Dark matter implications from the XENONnT and LZ data

TL;DR

This study explores dark matter explanations for high-energy recoil events in XENONnT and LZ data, using a unified framework to fit multiple datasets and considering velocity-dependent and inelastic interactions, with implications for future high-energy analyses.

Contribution

First combined profile-likelihood analysis of XENONnT and LZ data addressing high-energy recoil events with novel dark matter interaction models.

Findings

Velocity-dependent and inelastic dark matter interactions can explain high-energy recoil spectrum.

Significance of dark matter interpretation varies from below 1σ to 4σ depending on background assumptions.
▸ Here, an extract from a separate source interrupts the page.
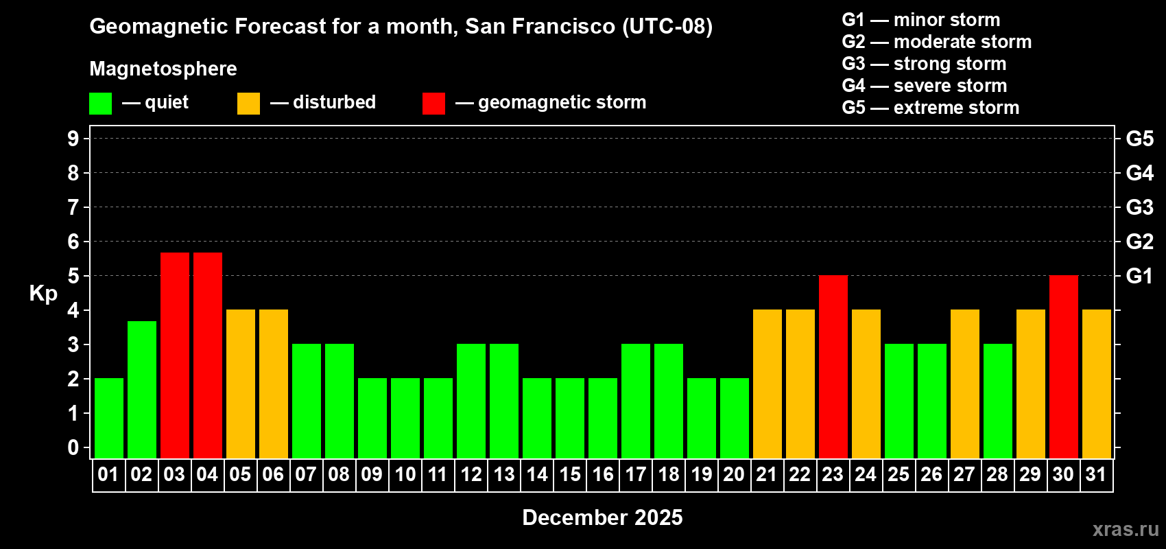Geomagnetic storm forecast in San Francisco for Dec 01, 2025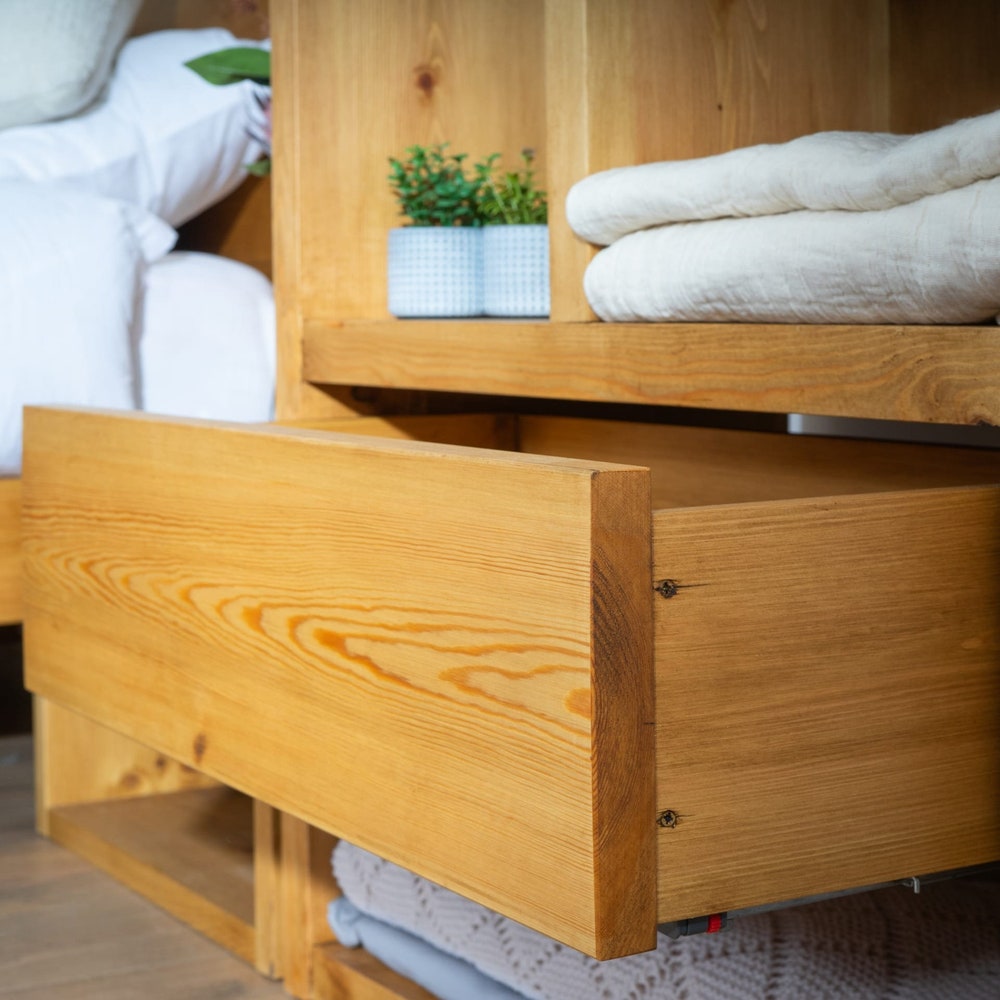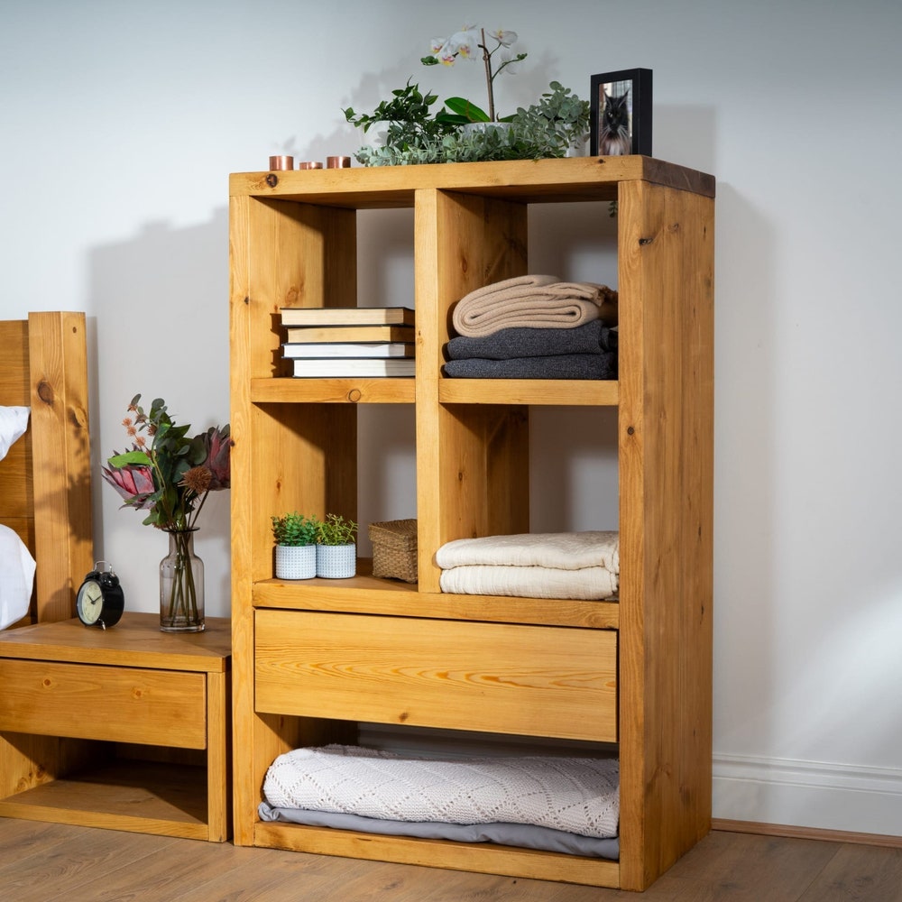 Introducing our Solid Wood Double Storage Unit, meticulously crafted to blend functionality with timeless elegance. Ideal for organizing your bedroom essentials, this piece features a thoughtful design that enhances both style and practicality. Includes five storage shelves, perfect for displaying books, decorative items, or keeping everyday necessities within reach. A smooth-gliding drawer offers discreet storage for personal items, keeping your space clutter-free.

Future high-energy data will be crucial for testing the dark matter hypothesis.

Abstract

We investigate a possible dark matter origin of the high-energy nuclear-recoil-like events in XENONnT and LZ data, which cannot be explained by standard elastic spin-independent WIMP scattering. Using our unified DIAMX framework, built on openly available data and likelihood models, we perform the first combined profile-likelihood fits to multiple WIMP-search datasets with a total exposure of 7.3 tonne$\times$year. We investigate that two broad classes of dark matter nucleon interactions, with velocity-dependent cross-section or inelastic (endo- and exothermic) scattering, can reproduce the observed high-energy recoil spectrum, reaching local significances up to $4\sigma$. We further quantify the impact of $^{124}$Xe double electron capture (DEC) backgrounds, finding that variations in the poorly known DEC charge yields can shift the inferred significances from below $1\sigma$ to $4\sigma$. We point out that extending the same analysis to XENONnT and LZ data with recoil energies up to 300 keV, once available, will provide a powerful test of the dark matter interpretation, since the $^{124}$Xe DEC background is expected to be negligible in this high-energy range.